Welcome back to The Rainmaker and congratulations to the Kansas City Chiefs. This week, fresh off the Super Bowl, I’m diving into the massive legal war that could end college athletics as we know it, plus updates on Steve Wynn, the Microsoft-Activision merger, Birkin bags in the metaverse, and a bad week for Gibson Dunn. (Was this email forwarded to you? Click this link to subscribe.) And if you happen to be in LA or NY tomorrow, and are searching for something romantic to do with your Valentine, Puck has partnered with National Geographic for a special screening of Fire of Love—a documentary feature Oscar nominee. It’s only available to Puck members, and you can RSVP here. But first…
If You Thought This Super Bowl Was Good…
I’m sure the NFL was thrilled with last night’s close game between the Chiefs and the Eagles, but that doesn’t mean the league welcomes economic competition between teams. As fans know, the NFL restricts its 32 teams from licensing or streaming their own games, which is how you end up with sports packages like NFL Sunday Ticket, which costs as much as $99 a month and excludes in-market games. That could all change with a class action brought by Sunday Ticket subscribers who are suing for an eye-popping $6.1 billion in damages. Last week, U.S. District Court Judge Phillip Gutierrez agreed to certify the suit, teeing up an antitrust trial that could begin next February, just after Super Bowl LVIII in Las Vegas. There’s also a potential injunction on the table, which could shake the league to its core. At a recent hearing, NFL lawyers led by Beth Wilkinson tried to argue that any injunctive relief would be moot because the league’s deal with DirecTV just expired, and its new partnership with YouTube TV is expected to offer fans more buying options for out-of-market games. But simply allowing New Yorkers to cheaply watch the Dallas Cowboys is not enough for Judge Gutierrez, who wrote in a Feb. 7 order that he found the league’s arguments “myopic and unconvincing.” Could Judge Gutierrez issue an injunction that completely blows up how the NFL pools TV rights and then collectively licenses them to media partners? A couple years ago, the NFL attempted to foreclose this very possibility in a Supreme Court petition that argued that the cooperation of all 32 teams is “essential if there are to be broadcasts at all,” but the justices declined to intervene. So now the NFL is backed up closer to its own end zone, and with time ticking down. Will it settle, which would surely be very costly given the seven years that plaintiffs’ lawyers have already invested in this case? Or attempt the riskiest of plays—taking this to trial?
On the Docket, Part 1
  • Did Wynn Resorts sanction sexual harassment by founder Steve Wynn? A federal judge in Nevada apparently finds that plausible after hearing what happened after word got out that he acted inappropriately towards women who worked at a Wynn Las Vegas salon. According to the judge’s Feb. 3 order (read here), Wynn resigned as chairman and C.E.O., but nevertheless continued to frequent this salon, and management allowed him to be around accusers, despite the media firestorm: “The Court finds that the lack of corrective measures… is sufficient to allege a claim for hostile work environment.”

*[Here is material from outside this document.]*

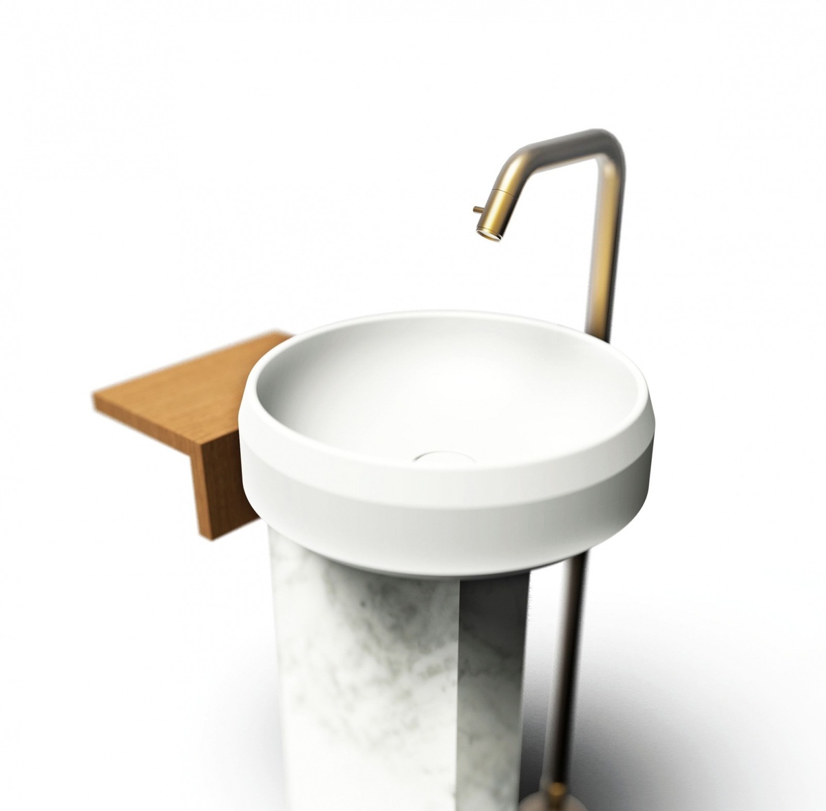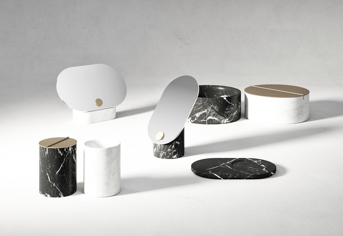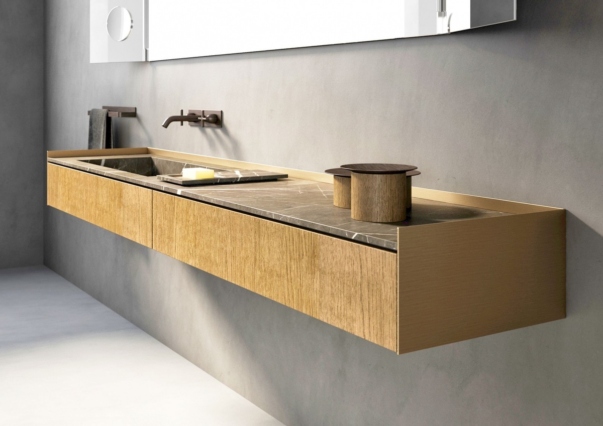 Rigo is bathroom furniture, inspired by designer Patricia Urquioloa. Two parallel rays intersect the wall and create a linear opportunity to place the wash basin and its accessories. The combination of marble, wood and anodized aluminium provides aesthetic and material wealth. The design provides a modern, minimalist and unconventional form of furniture.
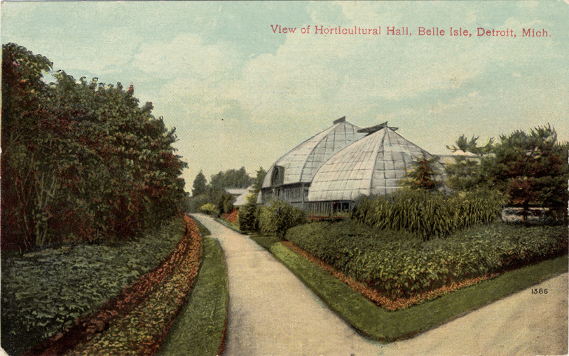 Favorite this☆ Horticultural Hall on Belle Isle Description: Side view of Horticultural Hall on Belle Isle. Two glass-paned domes are situated in landscaped grounds along road. Printed on front: "View of Horticultural Hall, Belle Isle, Detroit, Mich., 1386." Details Resource ID: bh002927 Subject: Belle Isle Park (Detroit, Mich.) Conservatories--Michigan--Detroit Greenhouses--Michigan--Detroit Postcards Date Issued: Unknown year Format: 1 postcard : col. ; 3.5 x 5.5 in. Member of: Burton Historical Collection Filing Location: D/Parks-Belle Isle Rights: Physical rights are retained by DPL. Copyright is retained in accordance with U.S. copyright laws.

  • The Microsoft-Activision merger is in deep trouble after U.K. authorities provisionally concluded that the corporate marriage would result in higher prices and less innovation for gamers. A final report is due April 26, but as I previously explained, Microsoft is fighting the clock on this one, and the U.K. move probably means that the F.T.C. won’t need an emergency injunction, allowing chair Lina Khan to take her sweet time in an administrative proceeding. Meanwhile, in a civil suit brought by gamers, Microsoft recently argued that no one “can definitively say by what date the parameters of this transaction will be finalized” and, more intriguingly, “no one can say with certainty what the final transaction will look like.” Uh-oh.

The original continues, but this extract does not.